=== Task objective ===
Only the lines of the listing below that run from the line with "Först ladda ner" through the line with "Lote de muñecos" are to be set down, word for word. Pictures stay out.

=== Available data ===

--- START ---

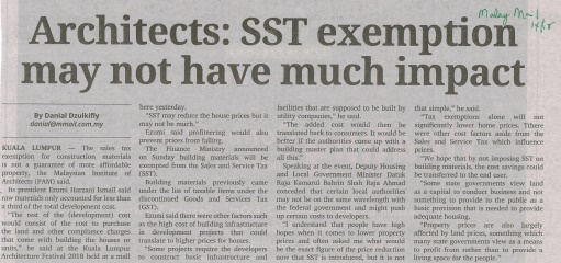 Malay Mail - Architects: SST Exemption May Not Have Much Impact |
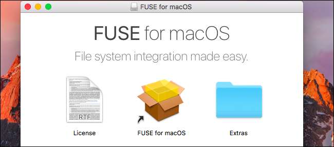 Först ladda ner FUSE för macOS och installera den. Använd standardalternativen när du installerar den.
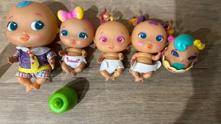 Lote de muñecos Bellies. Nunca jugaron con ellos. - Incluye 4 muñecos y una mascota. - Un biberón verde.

--- END ---
--- START ---

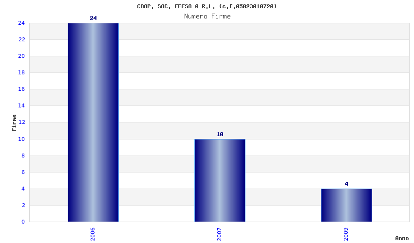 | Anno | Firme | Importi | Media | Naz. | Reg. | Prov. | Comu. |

--- END ---

=== Answer section ===
 Först ladda ner FUSE för macOS och installera den. Använd standardalternativen när du installerar den.
 Lote de muñecos Bellies. Nunca jugaron con ellos. - Incluye 4 muñecos y una mascota. - Un biberón verde.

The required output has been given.